__TASK INPUTS__
************

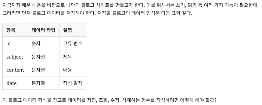 | 데이터 추가(INSERT) | **바인딩 파라미터(?)**로 안전하게 삽입. | conn.execute("INSERT INTO posts(title, body, author) VALUES(?, ?, ?)", ("첫 글", "내용", "sophia"))conn.commit() | 1행 추가, 커밋 후 저장 |
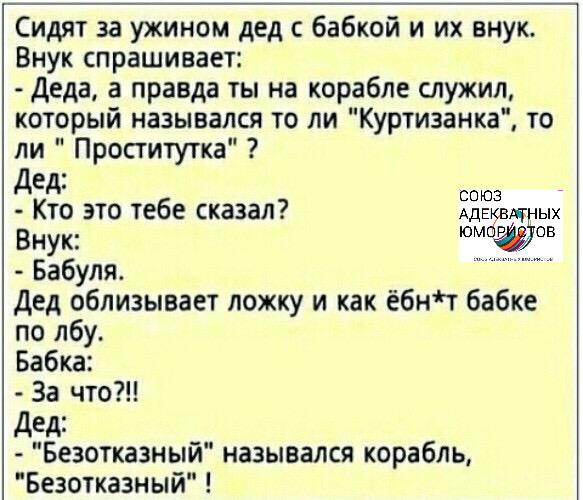 Мужик с разбитым ебалом, рассказывает другу, как опиздюлился... - "Познакомился с дамой, пошли к ней домой. Нагнул я её над кухонным столом и давай натягивать, и тут вдруг слышим - открывается входная дверь. "...
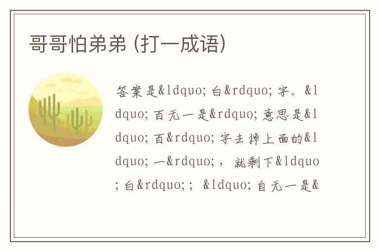 “百无一是”意思是“百”字去掉上面的“一”,就剩下“白”;“自无一是”同理,“自”字去掉里面的“一”,也是“白”;“泉水流”,“泉”字的“水(氵)”流走了,同样剩下“白”。所以综合来看,这个字就是“白”。
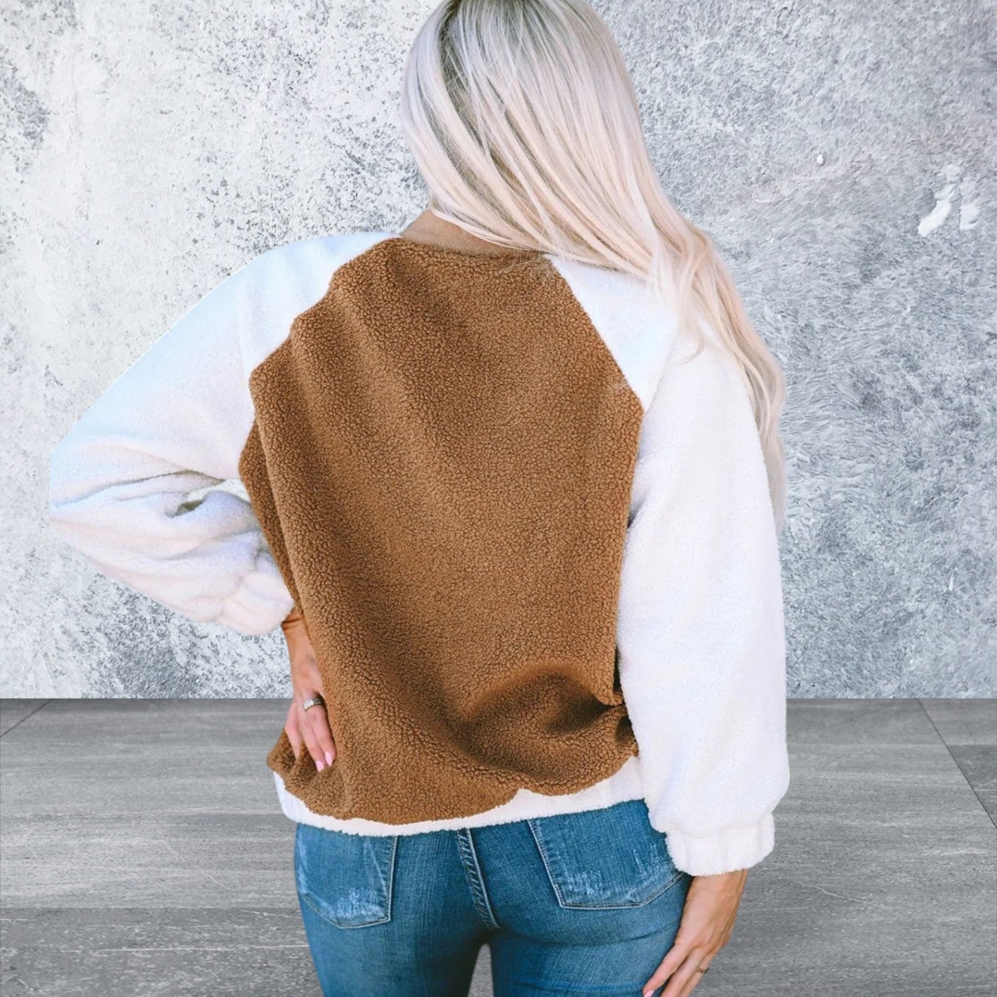 This jacket features a striking contrast between the brown exterior and white sleeves, making it a stylish addition to any wardrobe. The snap button closure ensures a secure fit, while the sherpa material provides warmth and comfort. Dress up any outfit with this versatile and fashionable jacket.
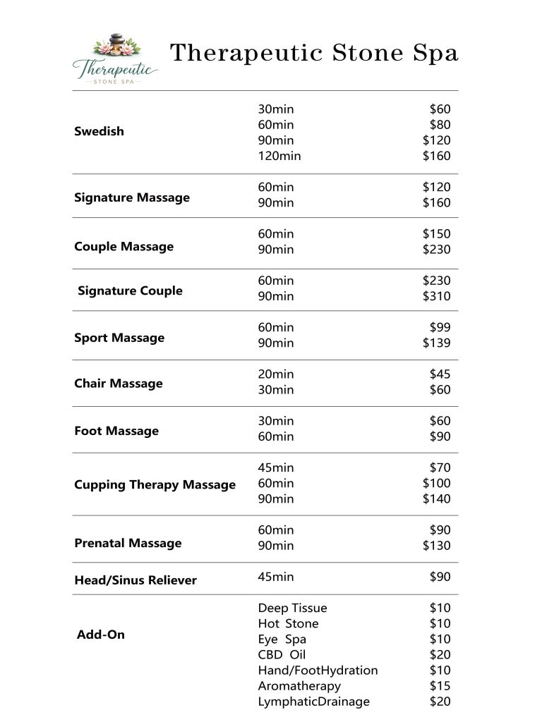 Hot stone, Swedish, and deep tissue massage tailored to your body with optional add-ons for a custom session.
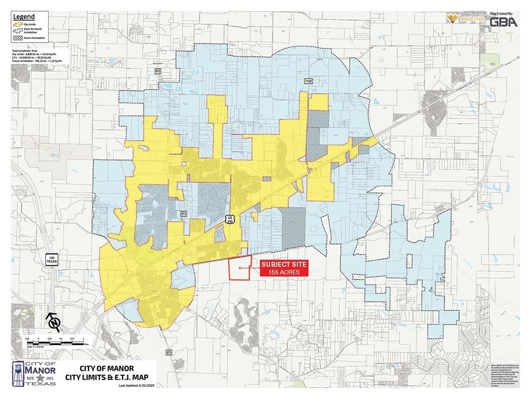 An unbelievable opportunity to acquire 155 acres in the heart of Manor. This prime property boasts an exceptional advantage with 2,700 feet of railroad frontage, a prospect that has received preliminary approval from WATCO for rail access. Furthermore, the adjacent frontage road, Old Highway 20, is poised for expansion, as it is prominently featured on the City of Manor's Thoroughfare Map for a future upgrade to 4 or 5 lanes. Currently situated within Austin's ETJ (Extraterritorial Jurisdiction), this property also stands to benefit from Senate Bill 2038, which could potentially facilitate its inclusion within the City of Manor. In terms of infrastructure, an 8-inch water line and a 12-inch sewer line are conveniently located across the street on Old Highway 20, while electric service is readily near the site. Don't miss this remarkable opportunity to secure a valuable piece of land in a rapidly developing area. **Any purchase must do their independent research regarding the development potential of this site.** Property Highlights Adjacent to New Developments, Including Major Manufacturers Austin ETJ - Potential Swap to City of Manor 8” Water Line & 12” Sewer Line Approx. 2,700 Feet of Railroad Frontage Old Highway 20 Road Expansion

************

__PROBLEM REQUIREMENTS__
Reproduce the material above from its first line through the line containing "Мужик с разбитым", both ends included, and skip every picture.

__ANSWER TO THE EXERCISE__
 | 데이터 추가(INSERT) | **바인딩 파라미터(?)**로 안전하게 삽입. | conn.execute("INSERT INTO posts(title, body, author) VALUES(?, ?, ?)", ("첫 글", "내용", "sophia"))conn.commit() | 1행 추가, 커밋 후 저장 |
 Мужик с разбитым ебалом, рассказывает другу, как опиздюлился... - "Познакомился с дамой, пошли к ней домой. Нагнул я её над кухонным столом и давай натягивать, и тут вдруг слышим - открывается входная дверь. "...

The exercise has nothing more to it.